L’antica teoria della disciplina formale della filosofia scolastica, in base alla quale la mente umana sarebbe composta da facoltà, fu criticata da Thorndike, il quale teorizzò l’apprendimento come il risultato di un’associazione che si stabilisce tra uno stimolo specifico e una risposta altrettanto precisa. Si tratta di un apprendimento per tentativi ed errori, che viene realizzato più facilmente se le sue conseguenze sono soddisfacenti per il soggetto.

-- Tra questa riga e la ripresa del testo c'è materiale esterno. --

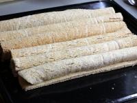 A sütést követően lágy puha tésztát kapunk, amelyet még melegen elválasztunk a sütőpapírtól és hosszában 3 csíkra vágjuk.

Sulla base dell’esperimento del gatto in un puzzle box (dalla quale usciva dopo aver provato a premere la leva un certo numero di volte), Thorndike e altri teorizzarono la legge dell’effetto, secondo la quale ogni processo di apprendimento è influenzato dagli effetti che seguono una risposta (una ricompensa positiva consoliderà l’associazione S-R). In quest’ottica, l’apprendimento può essere adeguatamente spiegato senza far riferimenti agli stati interni, non osservabili.

Skinner riprese il concetto di rinforzo. La sua teoria del condizionamento operante sostiene che, quando un individuo emette dei comportamenti in risposta a certi stimoli, se tali risposte sono seguite da un rinforzo, aumenterà la probabilità che esse compaiano in situazioni successive.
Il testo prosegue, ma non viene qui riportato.